EXERCISE BRIEF: Where an entry contains a picture, omit the picture and repeat the rest exactly.

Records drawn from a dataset
*** Block opens ***

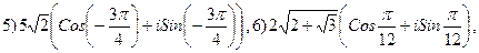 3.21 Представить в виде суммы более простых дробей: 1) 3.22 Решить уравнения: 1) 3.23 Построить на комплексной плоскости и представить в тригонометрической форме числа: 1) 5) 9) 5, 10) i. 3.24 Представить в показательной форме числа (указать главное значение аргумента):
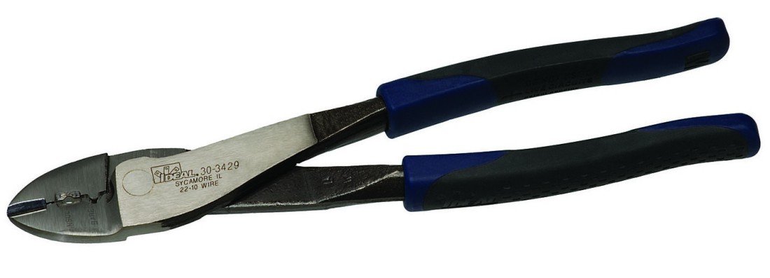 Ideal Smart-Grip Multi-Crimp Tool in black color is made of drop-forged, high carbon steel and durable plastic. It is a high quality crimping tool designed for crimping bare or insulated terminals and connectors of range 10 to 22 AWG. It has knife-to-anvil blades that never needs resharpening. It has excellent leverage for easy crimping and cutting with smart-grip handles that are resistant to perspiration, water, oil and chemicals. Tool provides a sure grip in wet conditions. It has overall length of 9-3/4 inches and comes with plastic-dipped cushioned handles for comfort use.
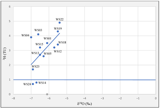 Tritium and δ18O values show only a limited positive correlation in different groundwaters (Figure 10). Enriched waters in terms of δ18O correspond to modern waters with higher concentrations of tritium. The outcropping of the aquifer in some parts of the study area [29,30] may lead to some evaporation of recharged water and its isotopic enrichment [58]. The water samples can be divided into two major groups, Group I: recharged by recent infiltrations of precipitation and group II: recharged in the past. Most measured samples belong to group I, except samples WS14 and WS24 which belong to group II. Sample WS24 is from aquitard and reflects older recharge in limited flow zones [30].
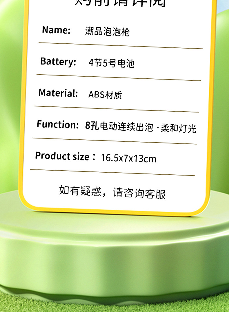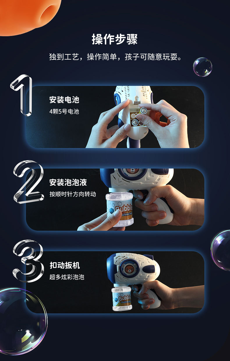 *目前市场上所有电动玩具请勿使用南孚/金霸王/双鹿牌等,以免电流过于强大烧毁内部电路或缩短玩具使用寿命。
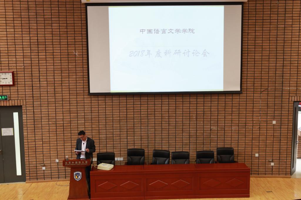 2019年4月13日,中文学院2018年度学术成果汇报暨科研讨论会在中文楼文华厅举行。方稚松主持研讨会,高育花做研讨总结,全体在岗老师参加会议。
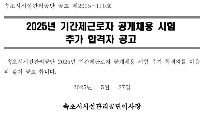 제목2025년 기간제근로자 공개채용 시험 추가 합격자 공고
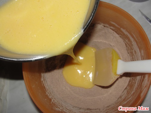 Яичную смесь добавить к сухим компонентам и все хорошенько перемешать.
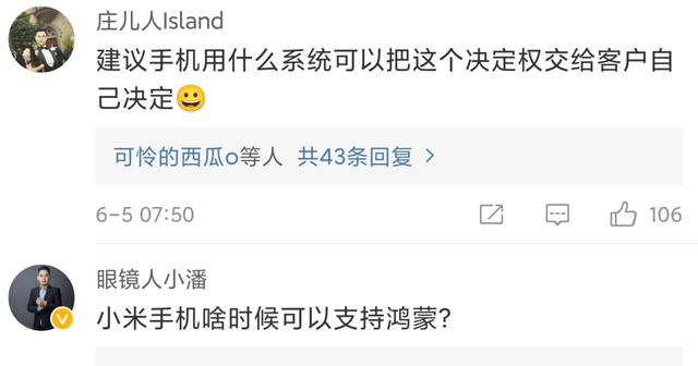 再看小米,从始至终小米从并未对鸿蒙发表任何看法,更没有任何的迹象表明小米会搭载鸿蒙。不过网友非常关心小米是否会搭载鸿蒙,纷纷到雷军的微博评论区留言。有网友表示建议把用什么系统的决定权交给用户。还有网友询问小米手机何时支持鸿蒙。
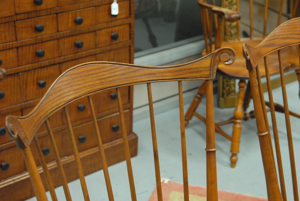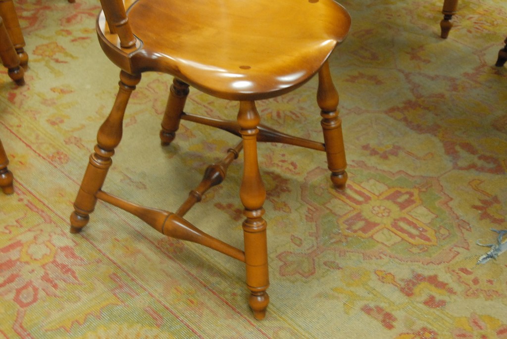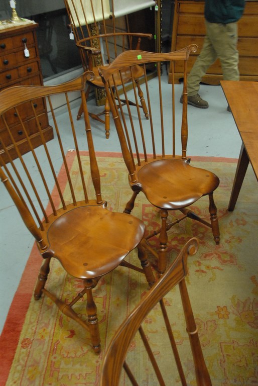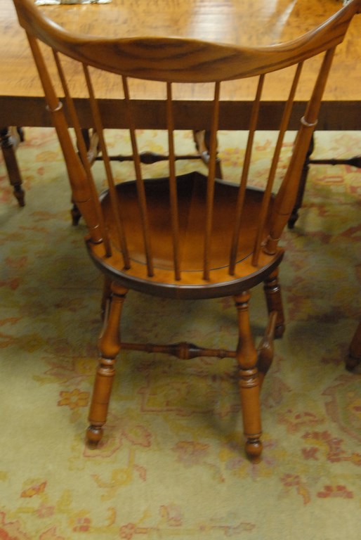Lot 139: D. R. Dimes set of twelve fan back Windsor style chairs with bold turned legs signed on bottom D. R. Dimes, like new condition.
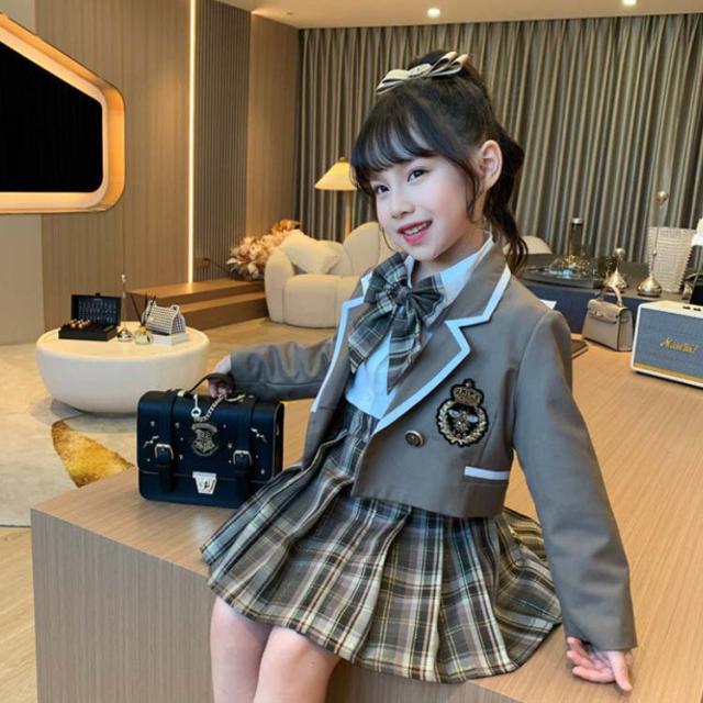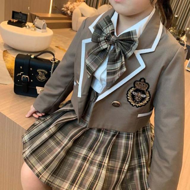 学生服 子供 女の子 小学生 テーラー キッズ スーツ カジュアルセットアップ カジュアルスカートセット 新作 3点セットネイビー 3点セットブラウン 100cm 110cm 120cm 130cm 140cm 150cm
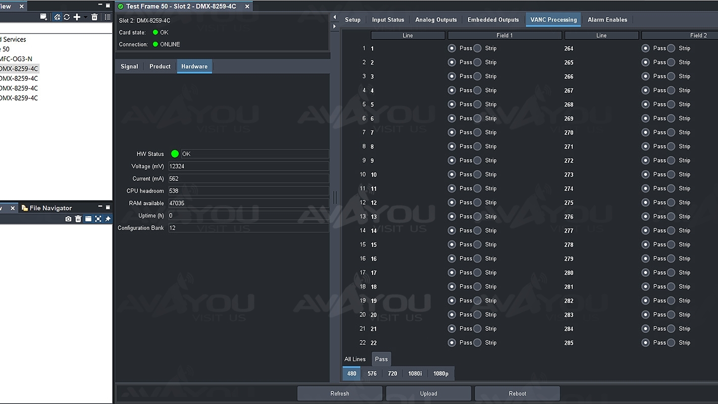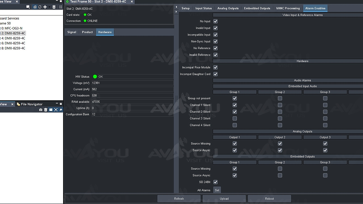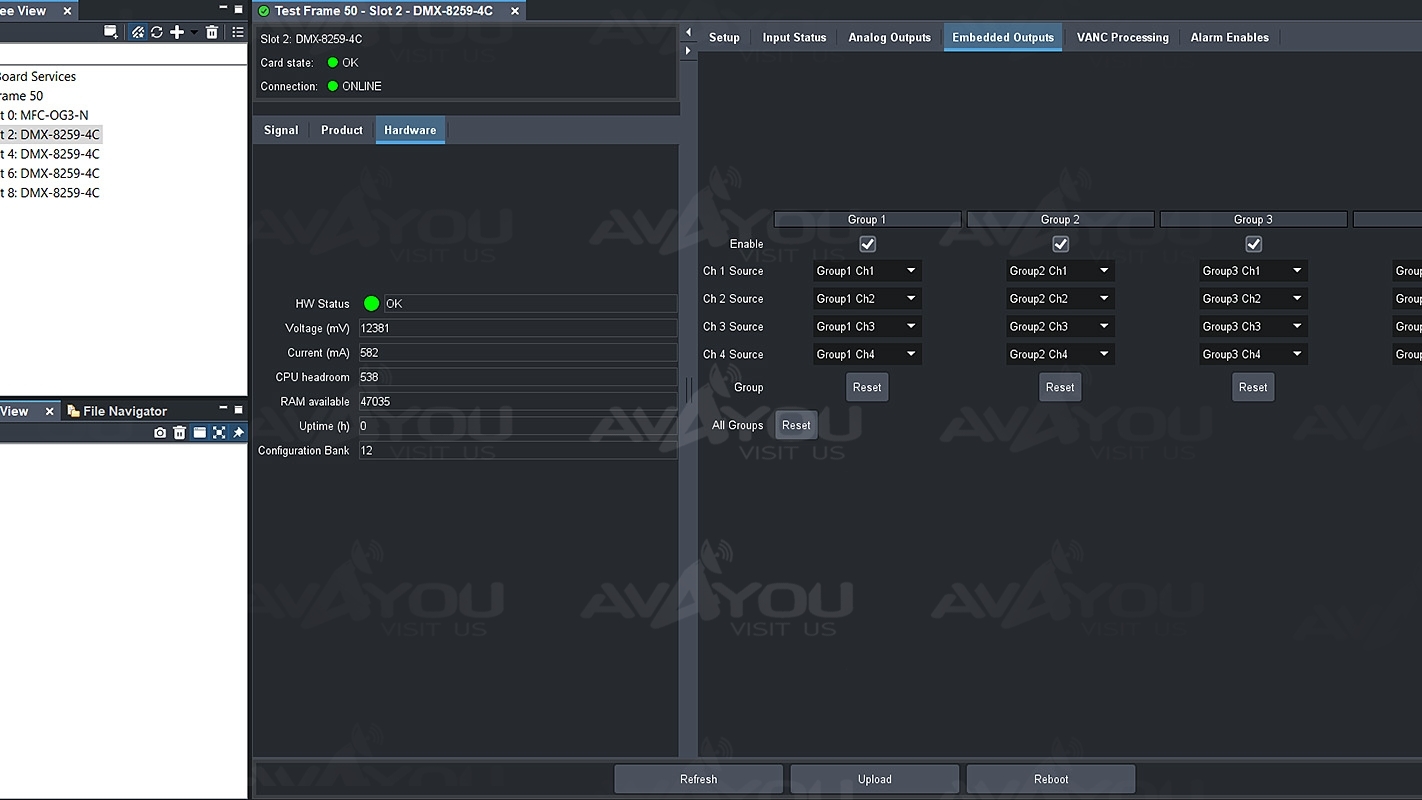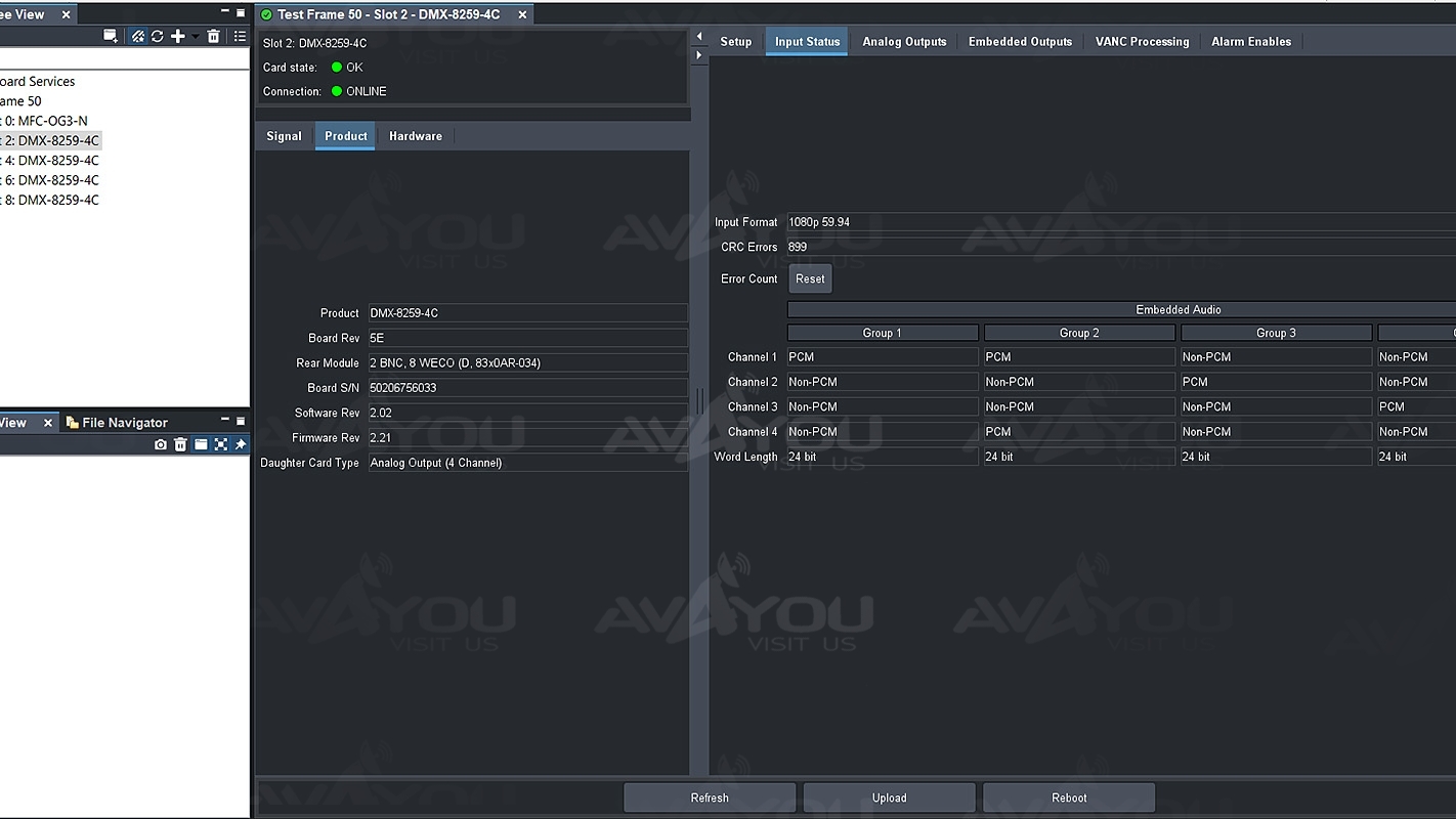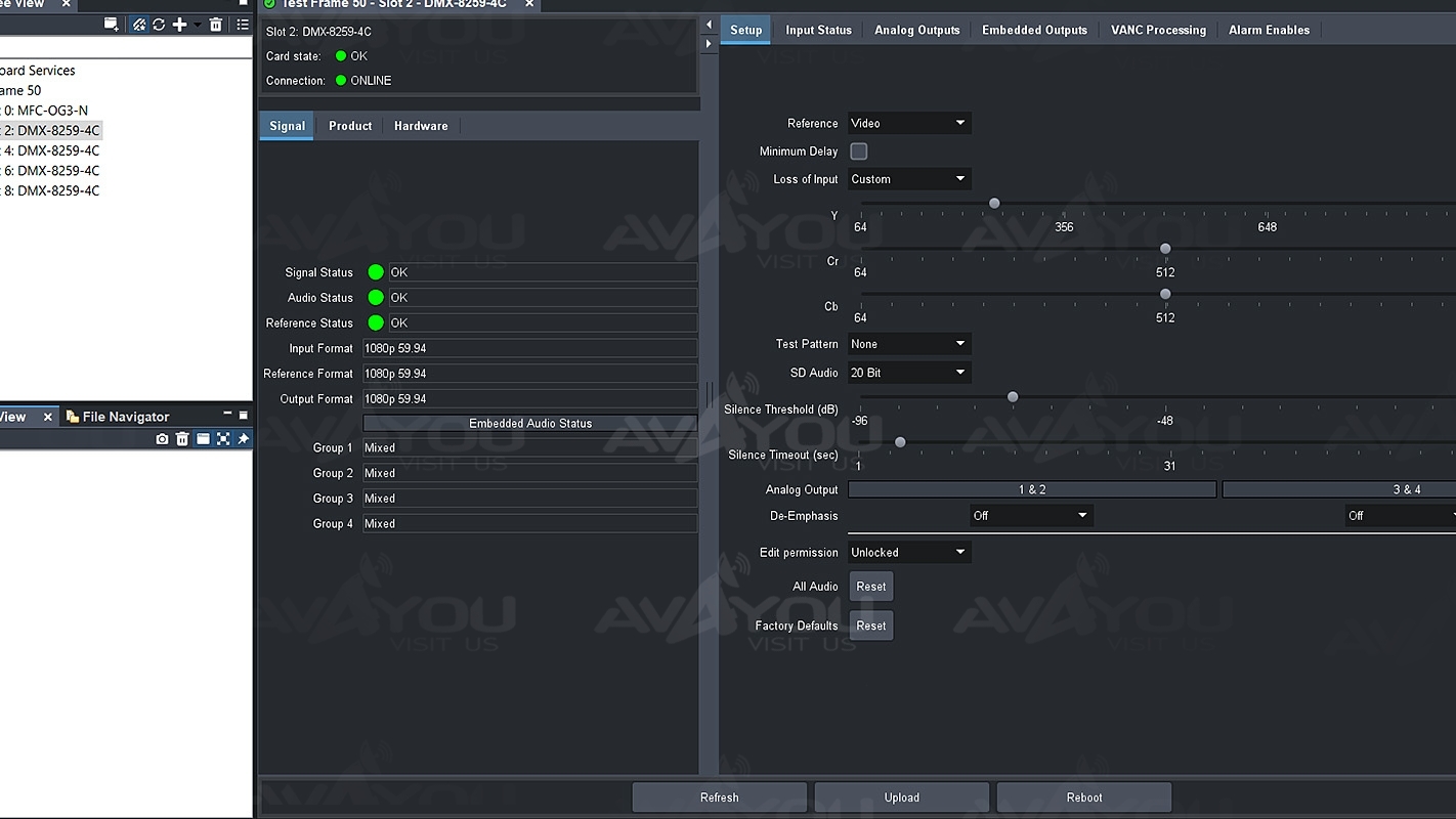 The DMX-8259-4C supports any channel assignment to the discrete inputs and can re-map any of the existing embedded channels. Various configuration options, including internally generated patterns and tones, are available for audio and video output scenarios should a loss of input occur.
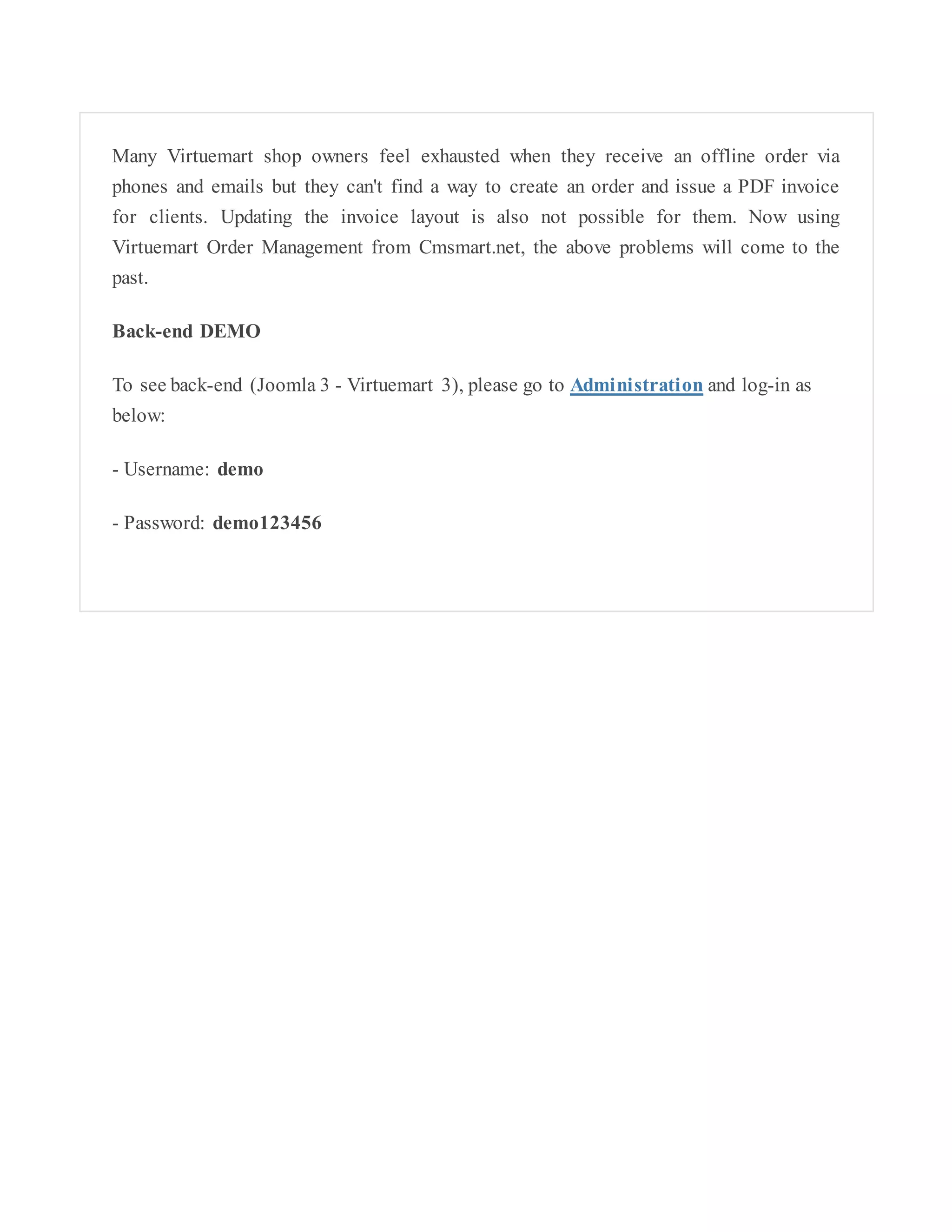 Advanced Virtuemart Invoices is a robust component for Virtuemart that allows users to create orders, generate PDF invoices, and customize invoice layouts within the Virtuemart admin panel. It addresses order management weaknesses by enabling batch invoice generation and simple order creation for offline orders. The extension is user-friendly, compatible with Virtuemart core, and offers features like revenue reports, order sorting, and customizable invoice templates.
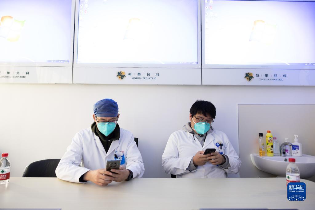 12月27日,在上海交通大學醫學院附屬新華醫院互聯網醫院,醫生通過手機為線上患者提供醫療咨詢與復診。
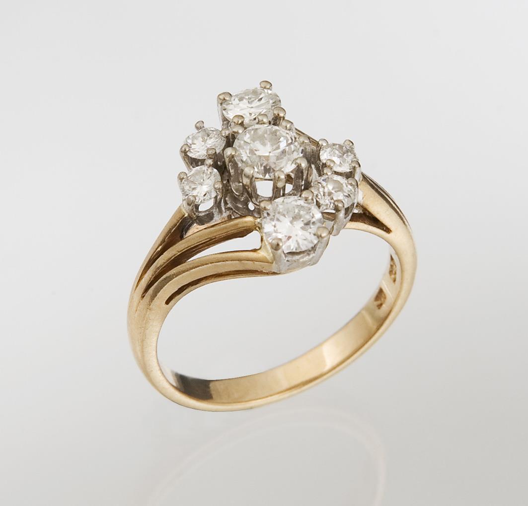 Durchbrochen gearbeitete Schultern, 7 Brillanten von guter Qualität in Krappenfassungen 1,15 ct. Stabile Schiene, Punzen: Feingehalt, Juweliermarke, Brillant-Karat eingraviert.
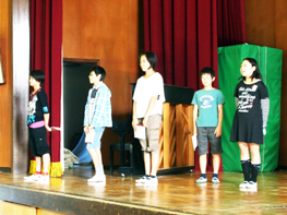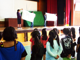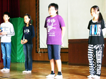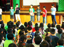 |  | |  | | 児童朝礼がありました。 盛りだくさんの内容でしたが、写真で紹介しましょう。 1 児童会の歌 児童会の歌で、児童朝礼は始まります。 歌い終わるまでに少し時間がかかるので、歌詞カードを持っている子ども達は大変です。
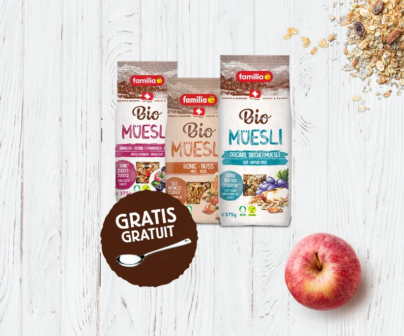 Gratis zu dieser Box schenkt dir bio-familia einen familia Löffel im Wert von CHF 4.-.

*** Block closes ***

ANSWER SECTION:
 3.21 Представить в виде суммы более простых дробей: 1) 3.22 Решить уравнения: 1) 3.23 Построить на комплексной плоскости и представить в тригонометрической форме числа: 1) 5) 9) 5, 10) i. 3.24 Представить в показательной форме числа (указать главное значение аргумента):
 Ideal Smart-Grip Multi-Crimp Tool in black color is made of drop-forged, high carbon steel and durable plastic. It is a high quality crimping tool designed for crimping bare or insulated terminals and connectors of range 10 to 22 AWG. It has knife-to-anvil blades that never needs resharpening. It has excellent leverage for easy crimping and cutting with smart-grip handles that are resistant to perspiration, water, oil and chemicals. Tool provides a sure grip in wet conditions. It has overall length of 9-3/4 inches and comes with plastic-dipped cushioned handles for comfort use.
 Tritium and δ18O values show only a limited positive correlation in different groundwaters (Figure 10). Enriched waters in terms of δ18O correspond to modern waters with higher concentrations of tritium. The outcropping of the aquifer in some parts of the study area [29,30] may lead to some evaporation of recharged water and its isotopic enrichment [58]. The water samples can be divided into two major groups, Group I: recharged by recent infiltrations of precipitation and group II: recharged in the past. Most measured samples belong to group I, except samples WS14 and WS24 which belong to group II. Sample WS24 is from aquitard and reflects older recharge in limited flow zones [30].
 *目前市场上所有电动玩具请勿使用南孚/金霸王/双鹿牌等,以免电流过于强大烧毁内部电路或缩短玩具使用寿命。
 2019年4月13日,中文学院2018年度学术成果汇报暨科研讨论会在中文楼文华厅举行。方稚松主持研讨会,高育花做研讨总结,全体在岗老师参加会议。
 제목2025년 기간제근로자 공개채용 시험 추가 합격자 공고
 Яичную смесь добавить к сухим компонентам и все хорошенько перемешать.
 再看小米,从始至终小米从并未对鸿蒙发表任何看法,更没有任何的迹象表明小米会搭载鸿蒙。不过网友非常关心小米是否会搭载鸿蒙,纷纷到雷军的微博评论区留言。有网友表示建议把用什么系统的决定权交给用户。还有网友询问小米手机何时支持鸿蒙。
Lot 139: D. R. Dimes set of twelve fan back Windsor style chairs with bold turned legs signed on bottom D. R. Dimes, like new condition.
 学生服 子供 女の子 小学生 テーラー キッズ スーツ カジュアルセットアップ カジュアルスカートセット 新作 3点セットネイビー 3点セットブラウン 100cm 110cm 120cm 130cm 140cm 150cm
 The DMX-8259-4C supports any channel assignment to the discrete inputs and can re-map any of the existing embedded channels. Various configuration options, including internally generated patterns and tones, are available for audio and video output scenarios should a loss of input occur.
 Advanced Virtuemart Invoices is a robust component for Virtuemart that allows users to create orders, generate PDF invoices, and customize invoice layouts within the Virtuemart admin panel. It addresses order management weaknesses by enabling batch invoice generation and simple order creation for offline orders. The extension is user-friendly, compatible with Virtuemart core, and offers features like revenue reports, order sorting, and customizable invoice templates.
 12月27日,在上海交通大學醫學院附屬新華醫院互聯網醫院,醫生通過手機為線上患者提供醫療咨詢與復診。
 Durchbrochen gearbeitete Schultern, 7 Brillanten von guter Qualität in Krappenfassungen 1,15 ct. Stabile Schiene, Punzen: Feingehalt, Juweliermarke, Brillant-Karat eingraviert.
 |  | |  | | 児童朝礼がありました。 盛りだくさんの内容でしたが、写真で紹介しましょう。 1 児童会の歌 児童会の歌で、児童朝礼は始まります。 歌い終わるまでに少し時間がかかるので、歌詞カードを持っている子ども達は大変です。
 Gratis zu dieser Box schenkt dir bio-familia einen familia Löffel im Wert von CHF 4.-.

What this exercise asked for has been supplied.